• _Aim of the exercise_:
Reproduce exactly, and solely, the lines running from the top of the data below through the line with "Het digitale dashboard", both inclusive. Omit pictures.

═══

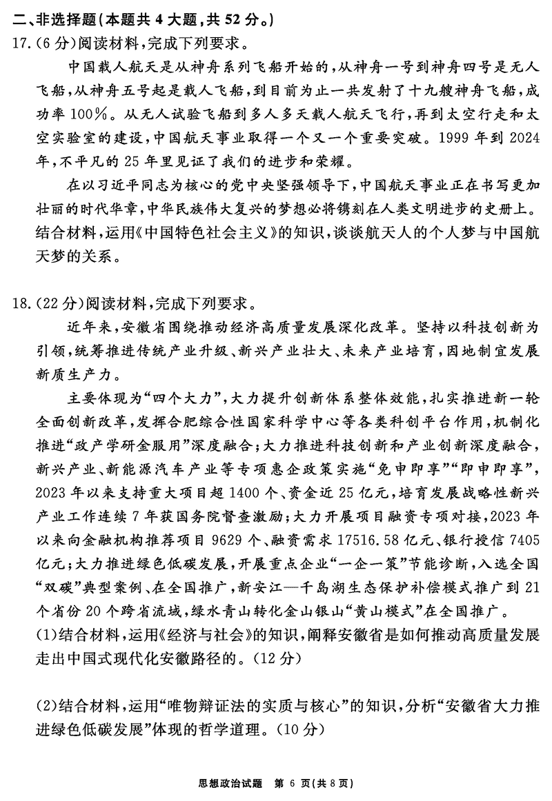 安徽2024-2025学年耀正优12月高三名校阶段检测政治试题及答案
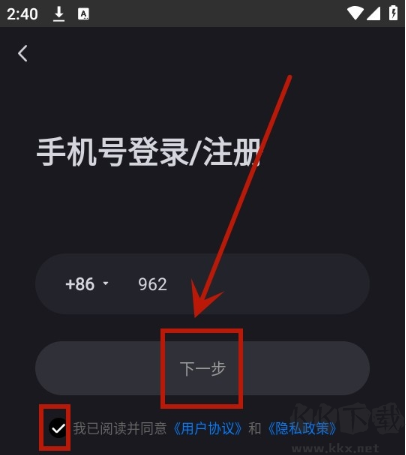 5、填入号码并选中服务条款,点选下一步即可开启后续情节。
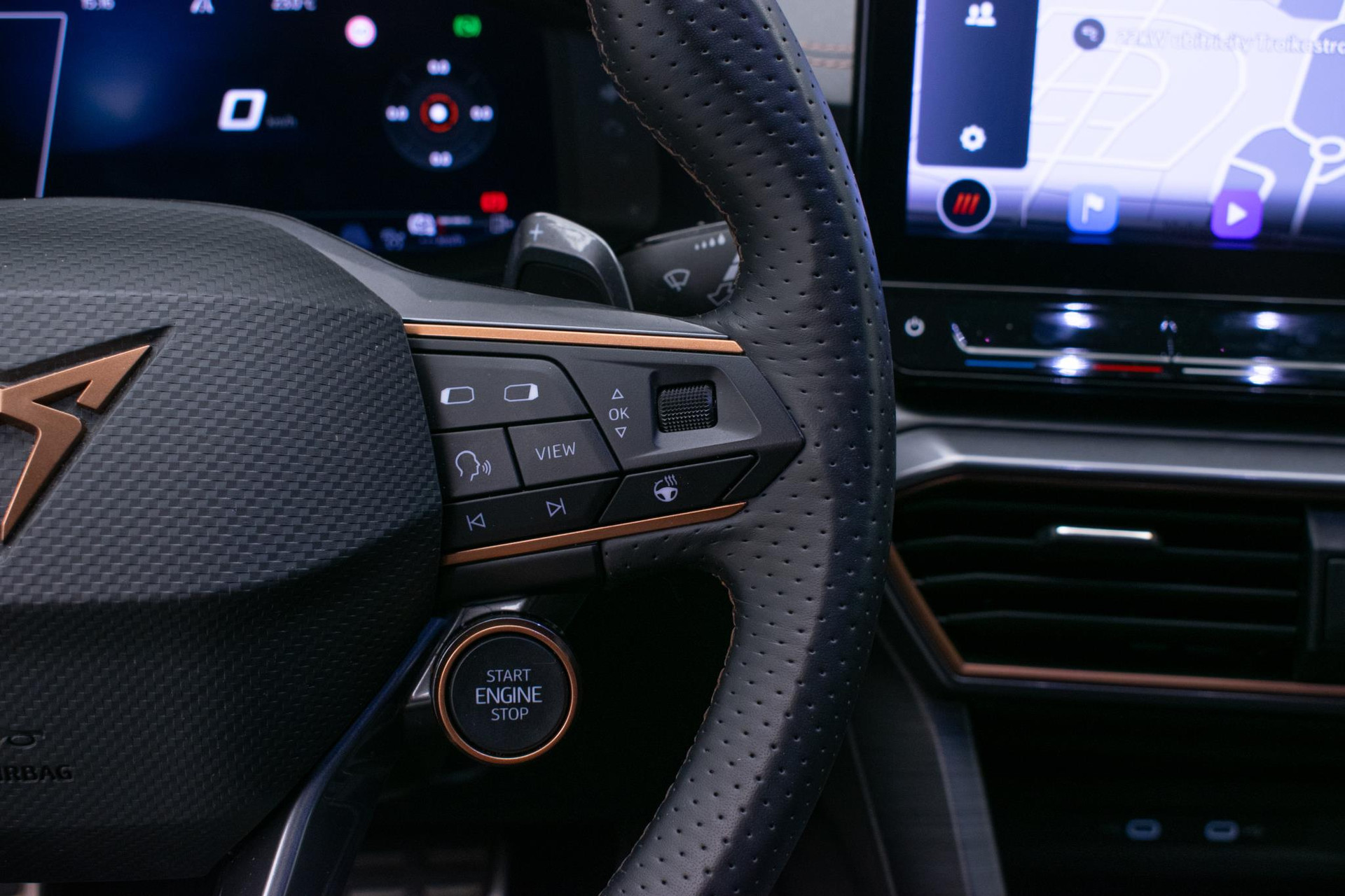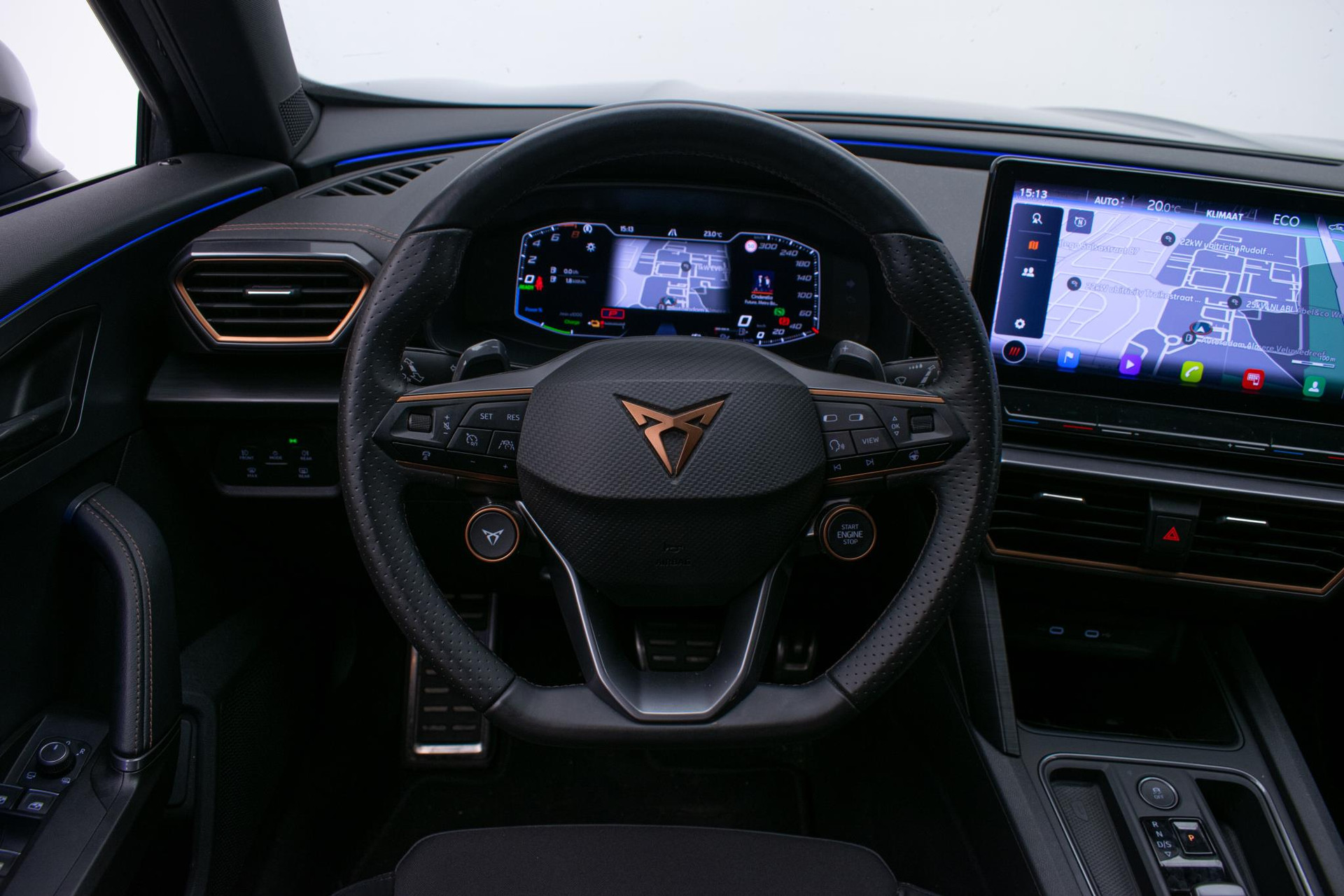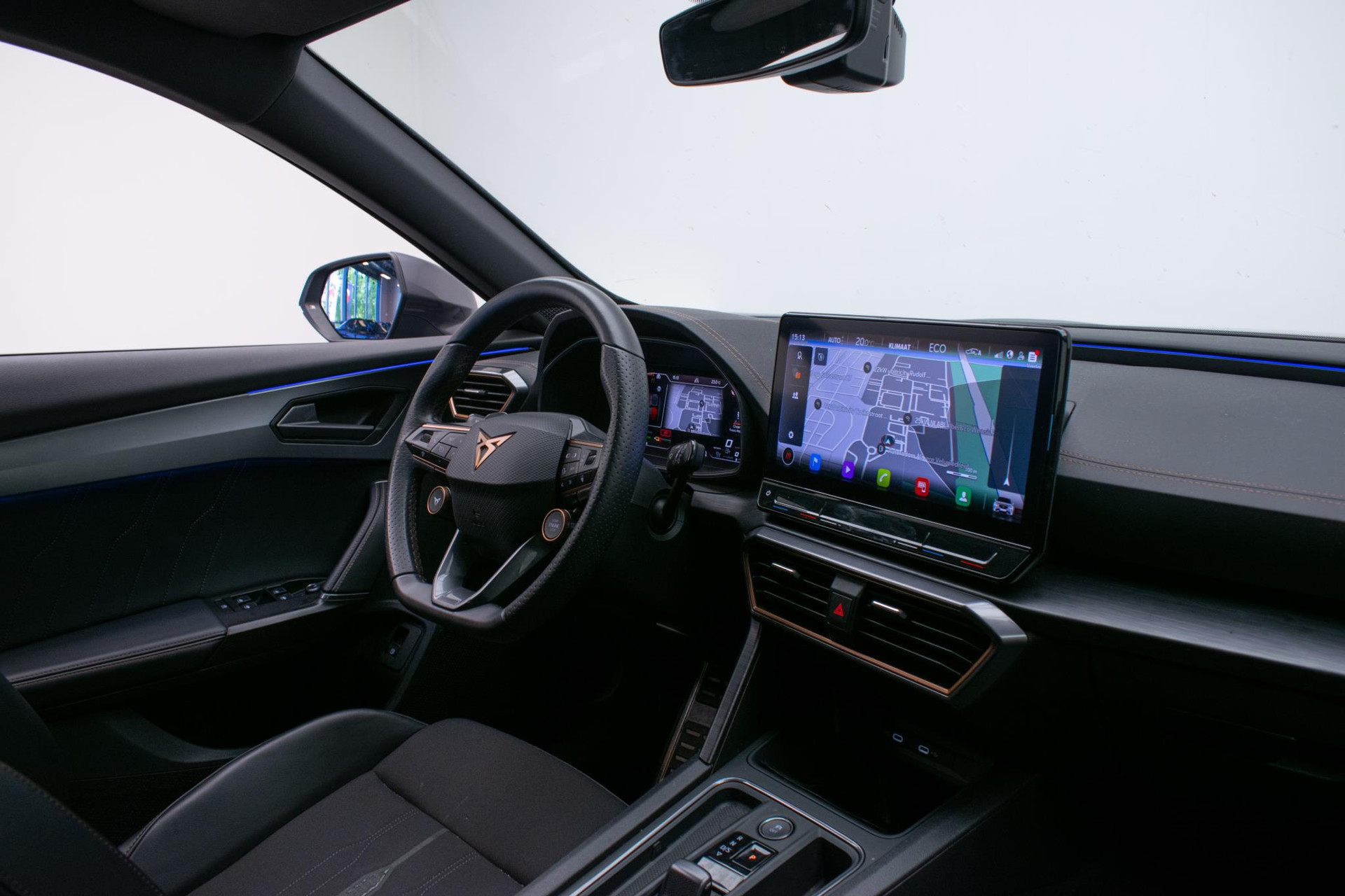 Het digitale dashboard rekent mee, denkt mee en rijdt mee. Alle info overzichtelijk in beeld, overal. Met behulp van de achteruitrijcamera kunt u zo strak inparkeren als u maar wilt! Met adaptive cruise control houdt deze auto automatisch afstand tot uw voorligger. Rijden-stilstaan, rijden-stilstaan. Niks is irritanter en vermoeiender dan filerijden. Daar heeft deze CUPRA Formentor een oplossing voor: de file assistent, die met radarmeting permanent het tempo aanpast op de voorligger. Zelfs als die stopt. Zoals u van zo'n jonge auto mag verwachten, zijn hier ook de geavanceerde remote services aanwezig. Simpelweg met een app op uw smartphone controleert u op afstand de status van de auto en bedient u diverse functies. Met dashboard met spraakbediening, full map navigatiesysteem, achteropkomend verkeer waarschuwing, electronic climate control, draadloos opladen en DAB ontvangst is deze auto helemaal compleet.
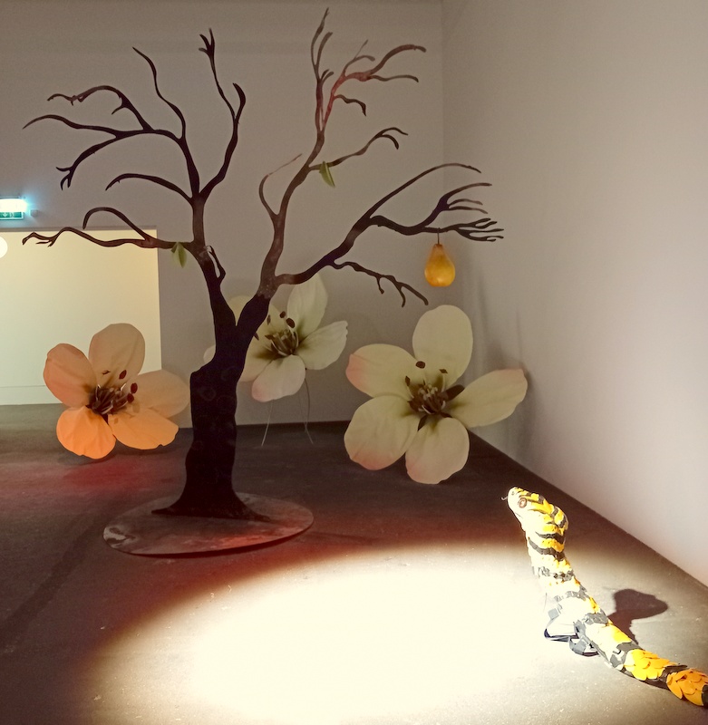 Die mehrere Hallen durchziehende Installation „An Opera Out of Time“ des queeren Kosovaren Petrit Halilaj bewegt sich ebenso in den Übergangsgefilden von Kunst-Natur / Natur-Kunst, bezaubert aber durch Humor, farbenfrohen faunischen Surrealismus und kindlich anmutende Märchenwelt. Inmitten der bunten Chimären zwitschert gar eine possierliche Tier-Oper,
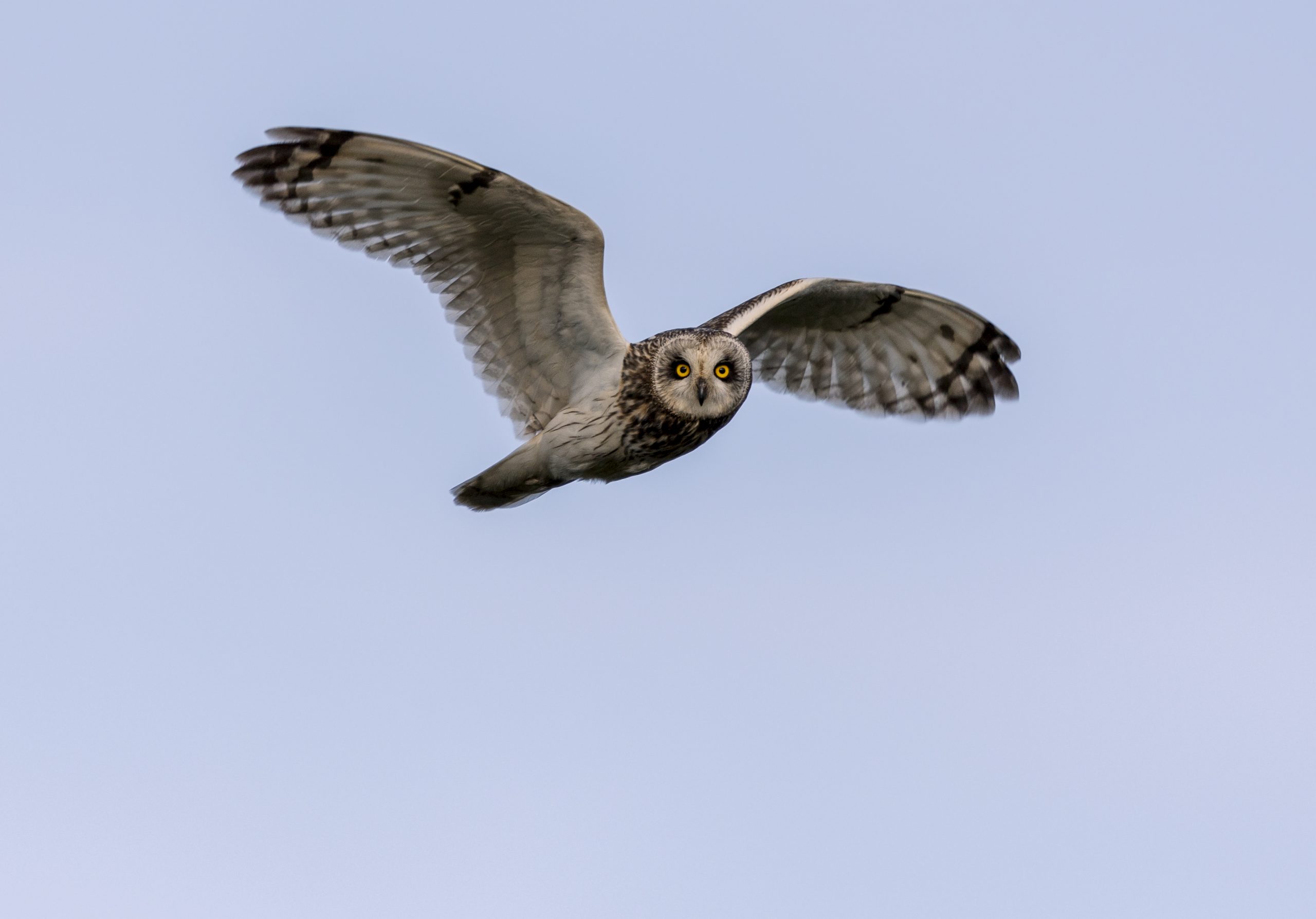 The short-eared owl is a medium-sized owl with a mottled, brown body, pale underwing and dark circles round its yellow eyes. It has a distinctive flight with the wings ‘pushed forward’ giving deep wing beats that are often described as rowing in slow motion. Its quartering flight involves a mixture of flapping, gliding and hovering, before dropping down onto an unsuspecting field vole.

═══

• _Exercise answer_:
 安徽2024-2025学年耀正优12月高三名校阶段检测政治试题及答案
 5、填入号码并选中服务条款,点选下一步即可开启后续情节。
 Het digitale dashboard rekent mee, denkt mee en rijdt mee. Alle info overzichtelijk in beeld, overal. Met behulp van de achteruitrijcamera kunt u zo strak inparkeren als u maar wilt! Met adaptive cruise control houdt deze auto automatisch afstand tot uw voorligger. Rijden-stilstaan, rijden-stilstaan. Niks is irritanter en vermoeiender dan filerijden. Daar heeft deze CUPRA Formentor een oplossing voor: de file assistent, die met radarmeting permanent het tempo aanpast op de voorligger. Zelfs als die stopt. Zoals u van zo'n jonge auto mag verwachten, zijn hier ook de geavanceerde remote services aanwezig. Simpelweg met een app op uw smartphone controleert u op afstand de status van de auto en bedient u diverse functies. Met dashboard met spraakbediening, full map navigatiesysteem, achteropkomend verkeer waarschuwing, electronic climate control, draadloos opladen en DAB ontvangst is deze auto helemaal compleet.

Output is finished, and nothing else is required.